Controversial MİT law litmus test for President Gul

The much-contested law on the National Intelligence Organization (MİT), which was approved in Parliament last week and sent to President Abdullah Gul for approval, will be an important litmus test on the president’s declared respect for the rule of law and personal rights and freedoms.

The MİT law has been harshly criticized as a serious blow to the rule of law as well as rights and freedoms.

The president has less than two weeks to approve or veto the law.

People are curious to see whether the president will give the go-ahead to the law in light of recent signs of tension between him and Prime Minister Recep Tayyip Erdogan over who will be the country’s next president.
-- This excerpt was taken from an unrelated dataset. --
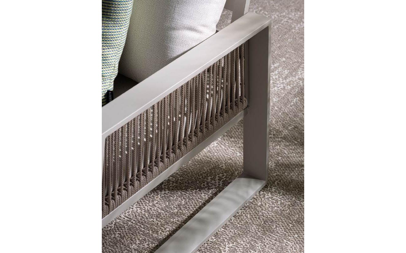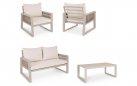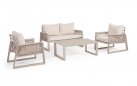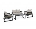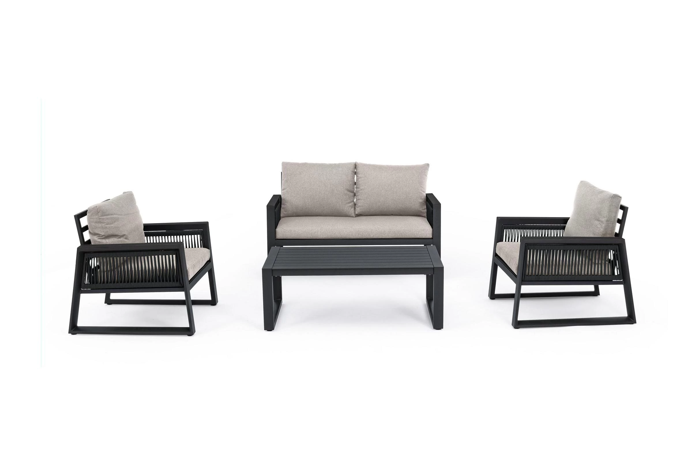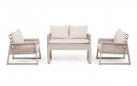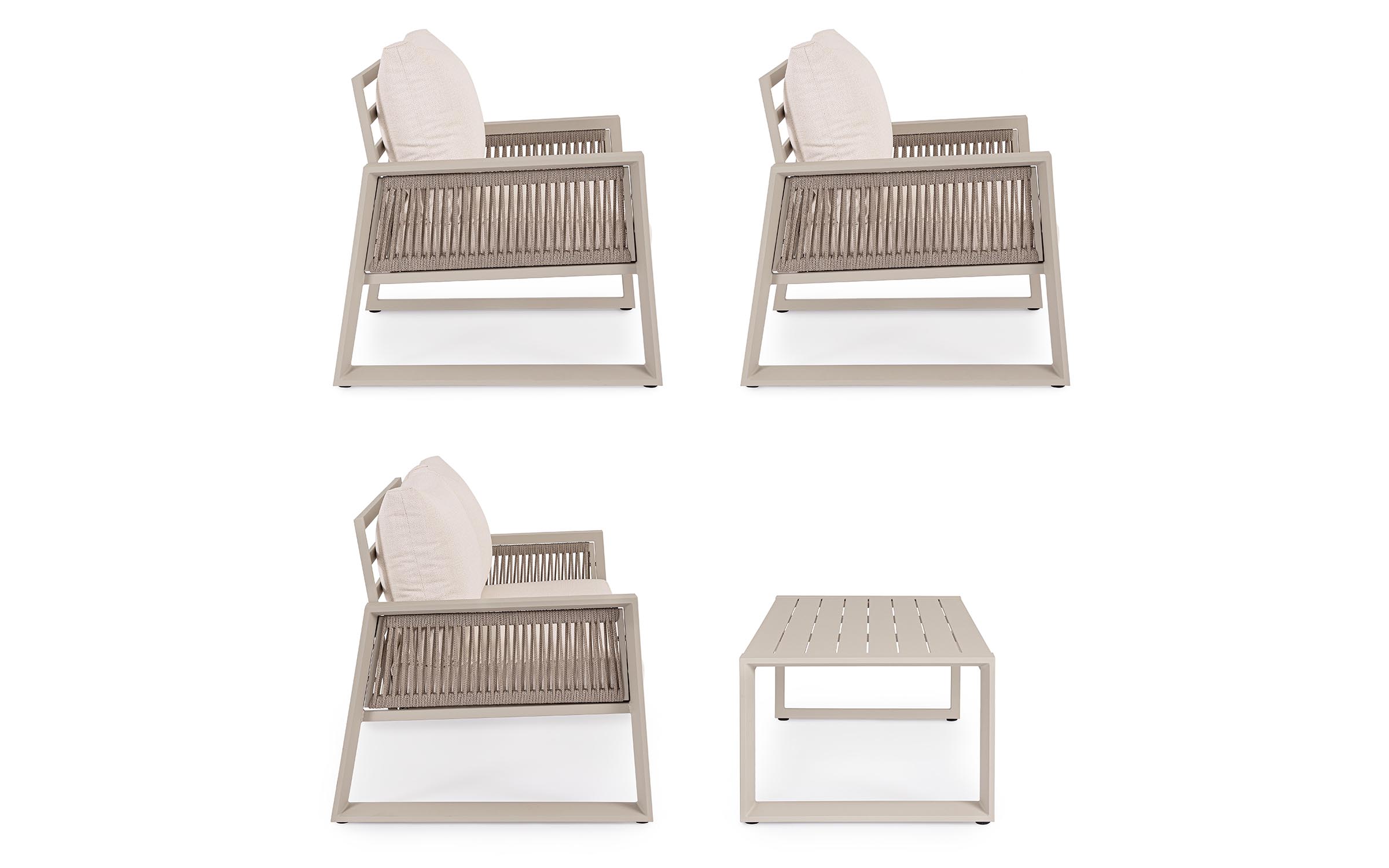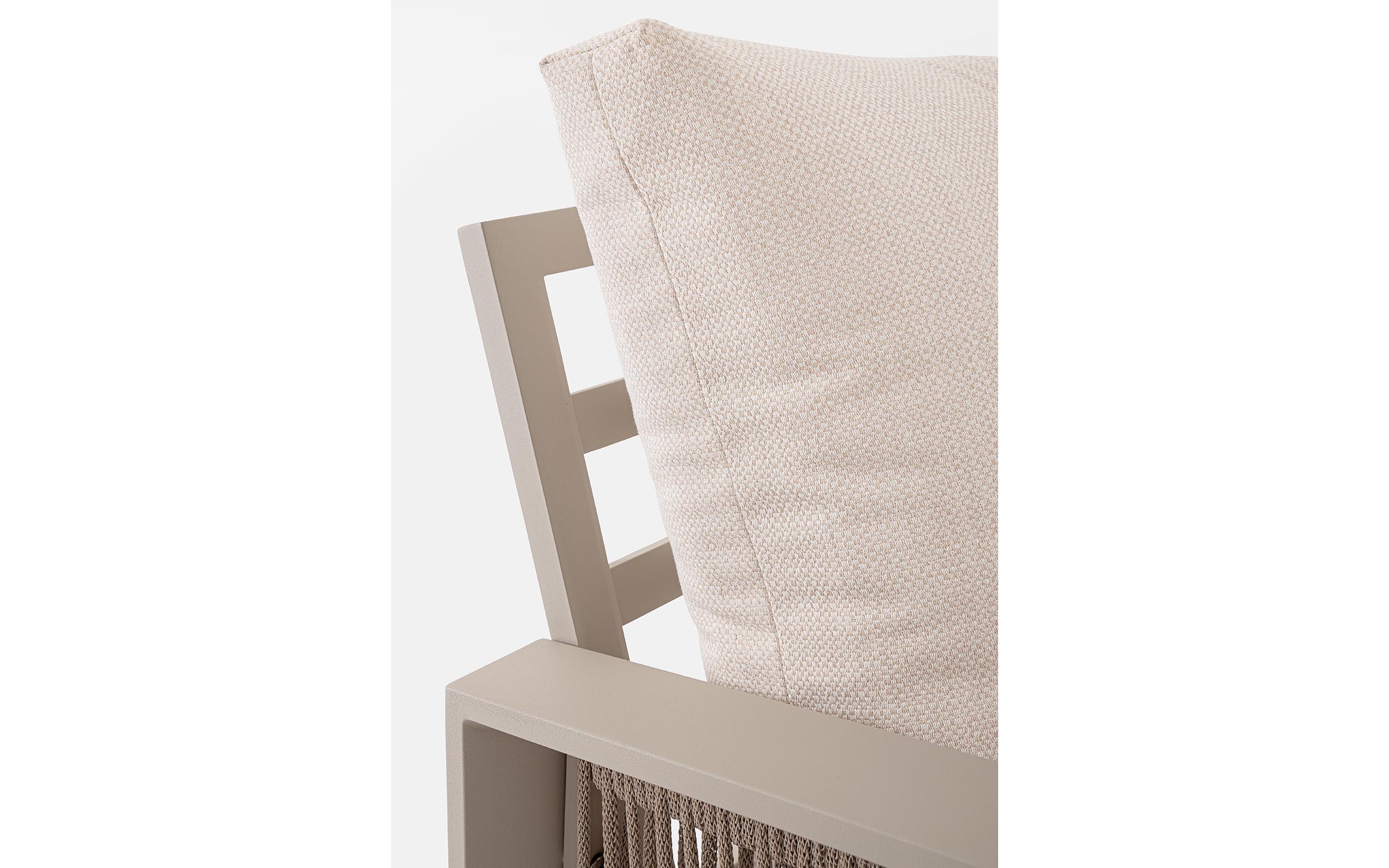 Nowoczesny komplet wypoczynkowy kawowy z ergonomicznej aluminiowej konstrukcji z wygodnymi poduszkami z materiału poliestrowego. Boki mebli wykonane z liny tekstylinowej.

The prime minister has designs on the presidency, and there are rumors that his attempts to dissuade Gul from running for re-election have put the two at odds.

In an unexpected turn on April 18, Gul publicly announced that he has no future political plans, signaling an earlier-than-expected departure from politics when his term ends in August.

Engin Altay, parliamentary group deputy chairman of the Republication People’s Party (CHP), told Today’s Zaman that Gul’s commitment to the law and the Constitution face a serious test with the MİT law. “We expect the president to veto the law and send it to Parliament for revision,” he said, adding that if the president approves the law, the CHP will challenge it at the Constitutional Court.

Critics say the law will damage Turkey’s democratic credentials and turn the country into an “intelligence state.”

The law allows MİT to conduct operations against possible overseas threats as designated by the Cabinet. MİT will not be accountable for such operations; all responsibility will lie with the civilian government. Under the bill, MİT agents operating under an assumed identity will not be accountable for their activities and MİT agents who infiltrate terrorist organizations will have no criminal liability for crimes committed while undercover.

The bill also authorizes MİT to conduct wiretaps without a court order. MİT will be authorized to wiretap phone conversations overseas on the orders of the undersecretary, who heads the agency, or his aide.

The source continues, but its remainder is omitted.